(Collection entries)
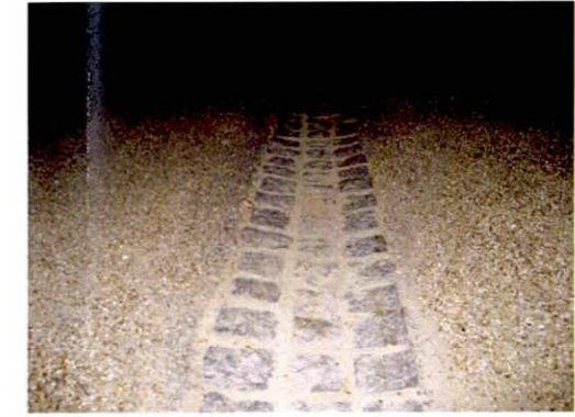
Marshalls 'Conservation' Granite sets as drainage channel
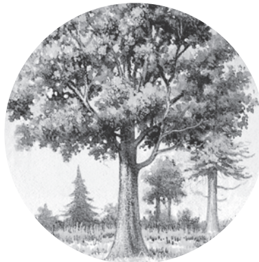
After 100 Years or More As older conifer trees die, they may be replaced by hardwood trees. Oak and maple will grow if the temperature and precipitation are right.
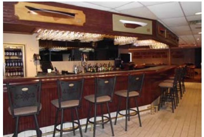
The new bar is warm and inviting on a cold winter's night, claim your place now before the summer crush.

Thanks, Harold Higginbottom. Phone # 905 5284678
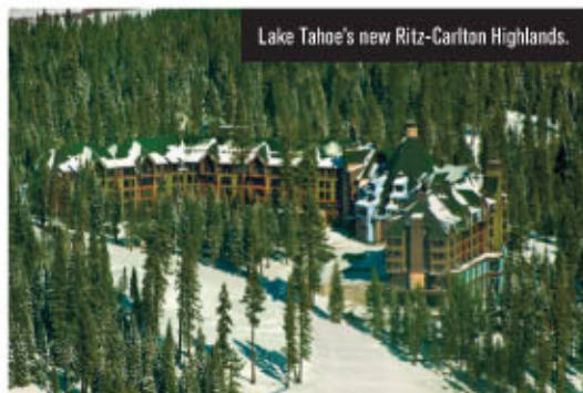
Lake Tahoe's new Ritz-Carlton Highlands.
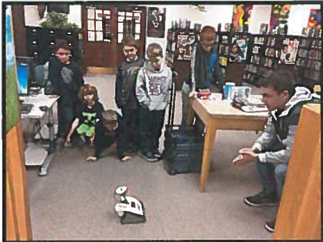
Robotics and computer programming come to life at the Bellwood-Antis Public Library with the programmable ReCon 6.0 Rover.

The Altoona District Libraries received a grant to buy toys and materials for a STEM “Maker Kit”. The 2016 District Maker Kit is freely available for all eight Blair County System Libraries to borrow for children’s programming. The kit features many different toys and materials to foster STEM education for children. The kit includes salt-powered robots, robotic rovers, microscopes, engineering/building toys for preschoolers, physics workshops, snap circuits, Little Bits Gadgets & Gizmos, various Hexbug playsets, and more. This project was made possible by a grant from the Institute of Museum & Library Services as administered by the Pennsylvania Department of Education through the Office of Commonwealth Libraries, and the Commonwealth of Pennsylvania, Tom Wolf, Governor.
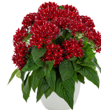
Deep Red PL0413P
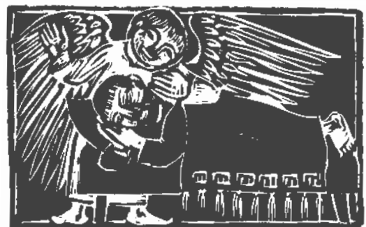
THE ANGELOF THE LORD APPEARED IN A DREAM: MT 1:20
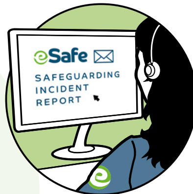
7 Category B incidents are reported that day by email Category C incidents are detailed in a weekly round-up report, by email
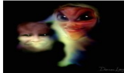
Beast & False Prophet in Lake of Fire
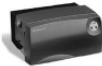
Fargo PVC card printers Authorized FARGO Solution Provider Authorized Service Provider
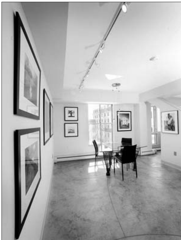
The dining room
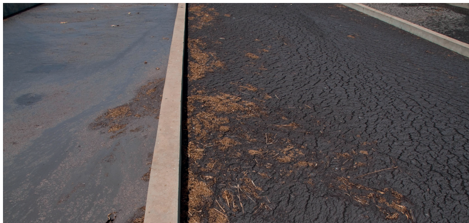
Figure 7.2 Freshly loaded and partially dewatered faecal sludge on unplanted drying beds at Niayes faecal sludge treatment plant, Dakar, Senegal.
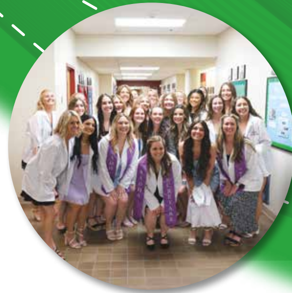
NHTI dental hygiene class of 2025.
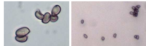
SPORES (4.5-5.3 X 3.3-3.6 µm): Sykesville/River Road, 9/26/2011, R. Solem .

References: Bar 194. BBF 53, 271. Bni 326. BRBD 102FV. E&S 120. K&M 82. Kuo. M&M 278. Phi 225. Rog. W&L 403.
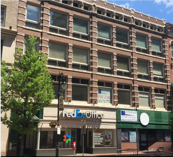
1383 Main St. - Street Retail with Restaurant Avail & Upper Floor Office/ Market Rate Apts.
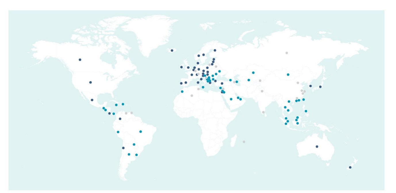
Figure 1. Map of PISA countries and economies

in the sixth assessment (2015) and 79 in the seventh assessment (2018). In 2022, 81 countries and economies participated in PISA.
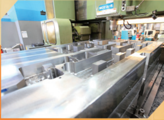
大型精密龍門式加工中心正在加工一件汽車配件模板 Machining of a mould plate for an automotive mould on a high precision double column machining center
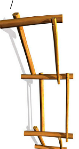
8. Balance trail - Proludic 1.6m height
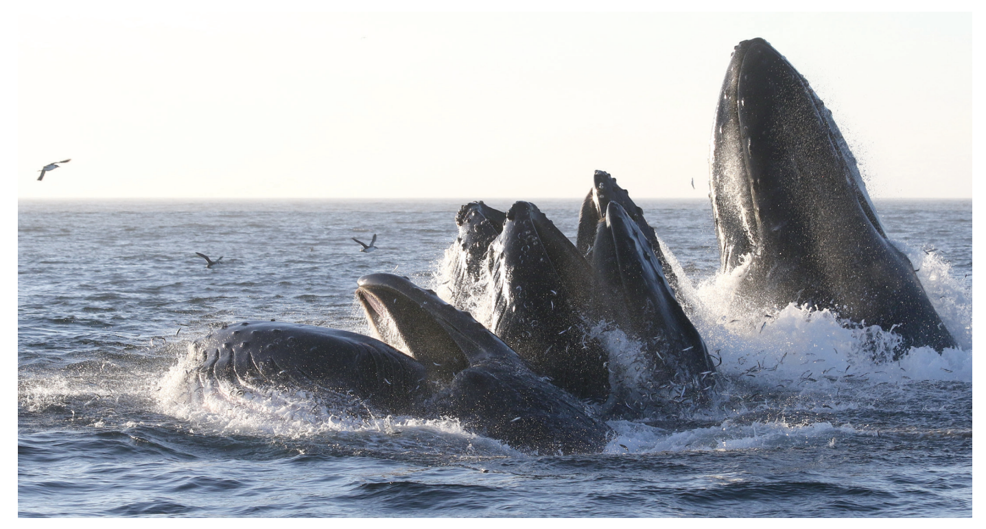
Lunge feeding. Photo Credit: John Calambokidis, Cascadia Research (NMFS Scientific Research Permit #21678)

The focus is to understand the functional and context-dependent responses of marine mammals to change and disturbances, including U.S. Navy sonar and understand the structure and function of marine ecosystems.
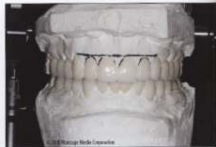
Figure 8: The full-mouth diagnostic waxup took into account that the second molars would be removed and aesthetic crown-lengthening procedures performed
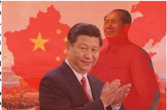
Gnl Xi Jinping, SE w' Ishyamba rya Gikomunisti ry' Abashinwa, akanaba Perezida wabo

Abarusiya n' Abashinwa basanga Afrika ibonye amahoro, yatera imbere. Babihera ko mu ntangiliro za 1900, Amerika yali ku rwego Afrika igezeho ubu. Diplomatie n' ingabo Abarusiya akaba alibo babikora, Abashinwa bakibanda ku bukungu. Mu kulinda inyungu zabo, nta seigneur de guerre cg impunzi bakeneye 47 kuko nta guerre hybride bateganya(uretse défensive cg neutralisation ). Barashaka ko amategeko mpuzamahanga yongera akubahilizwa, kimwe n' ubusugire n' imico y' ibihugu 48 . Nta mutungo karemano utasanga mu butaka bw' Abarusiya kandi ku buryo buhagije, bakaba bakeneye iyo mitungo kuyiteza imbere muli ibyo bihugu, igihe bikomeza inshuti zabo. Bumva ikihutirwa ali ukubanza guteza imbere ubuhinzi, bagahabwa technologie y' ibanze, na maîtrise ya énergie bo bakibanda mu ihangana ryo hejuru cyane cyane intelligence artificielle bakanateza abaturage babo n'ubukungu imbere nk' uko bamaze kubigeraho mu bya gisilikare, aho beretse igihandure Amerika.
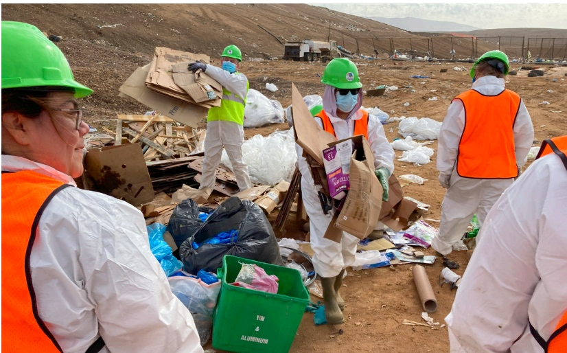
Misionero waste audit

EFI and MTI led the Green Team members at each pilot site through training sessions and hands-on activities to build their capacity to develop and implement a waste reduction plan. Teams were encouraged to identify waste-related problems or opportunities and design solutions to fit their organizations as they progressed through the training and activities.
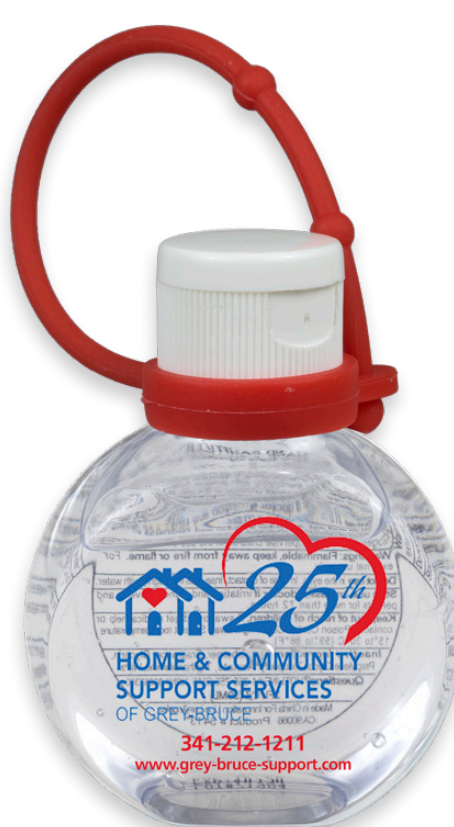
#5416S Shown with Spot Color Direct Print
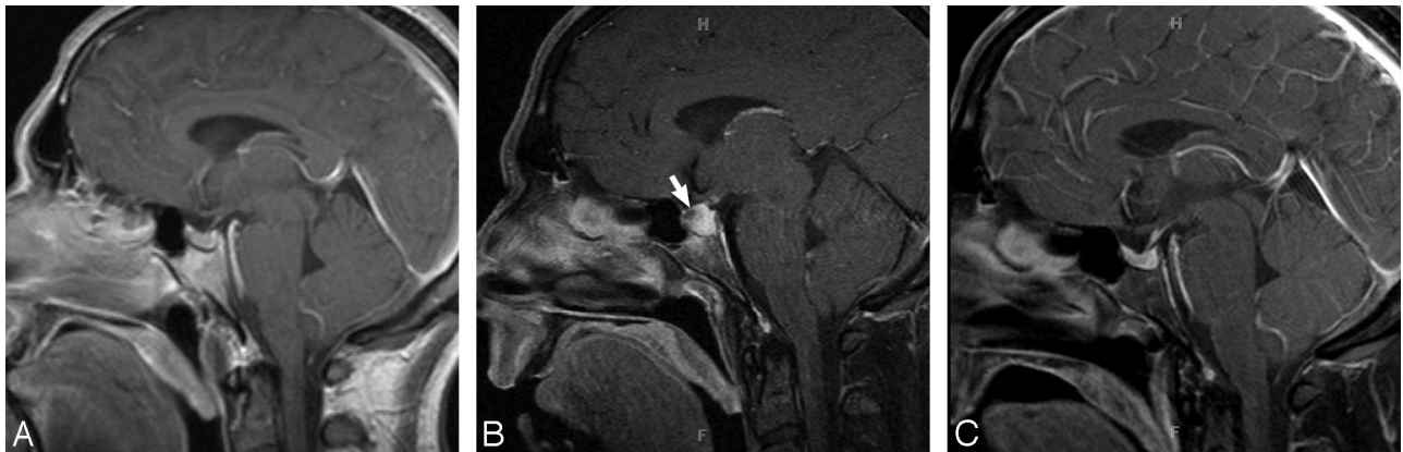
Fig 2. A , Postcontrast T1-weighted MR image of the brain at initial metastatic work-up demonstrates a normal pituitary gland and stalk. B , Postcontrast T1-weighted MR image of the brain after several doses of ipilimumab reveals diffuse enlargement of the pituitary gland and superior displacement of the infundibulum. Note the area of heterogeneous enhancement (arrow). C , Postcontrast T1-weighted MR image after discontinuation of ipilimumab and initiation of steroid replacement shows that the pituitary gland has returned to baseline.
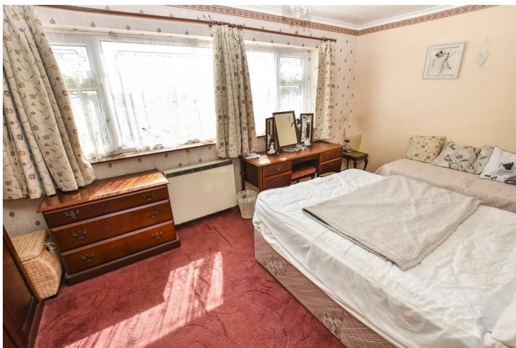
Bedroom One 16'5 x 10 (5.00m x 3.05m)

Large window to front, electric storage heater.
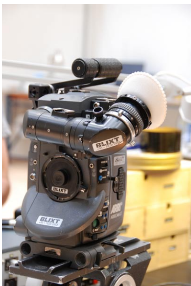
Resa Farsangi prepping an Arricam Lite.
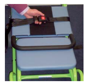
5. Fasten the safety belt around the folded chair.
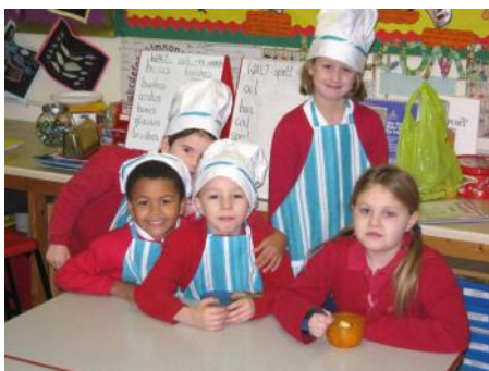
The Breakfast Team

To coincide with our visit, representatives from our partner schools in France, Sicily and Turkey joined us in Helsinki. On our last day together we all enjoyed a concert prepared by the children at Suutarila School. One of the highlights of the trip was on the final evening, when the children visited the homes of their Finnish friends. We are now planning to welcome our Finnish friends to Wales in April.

▶ **WHAT YOU SHOULD DO**
Which lines above hold the string "waste"? Please copy all of them.

▶ **ANSWER SECTION**
Misionero waste audit
EFI and MTI led the Green Team members at each pilot site through training sessions and hands-on activities to build their capacity to develop and implement a waste reduction plan. Teams were encouraged to identify waste-related problems or opportunities and design solutions to fit their organizations as they progressed through the training and activities.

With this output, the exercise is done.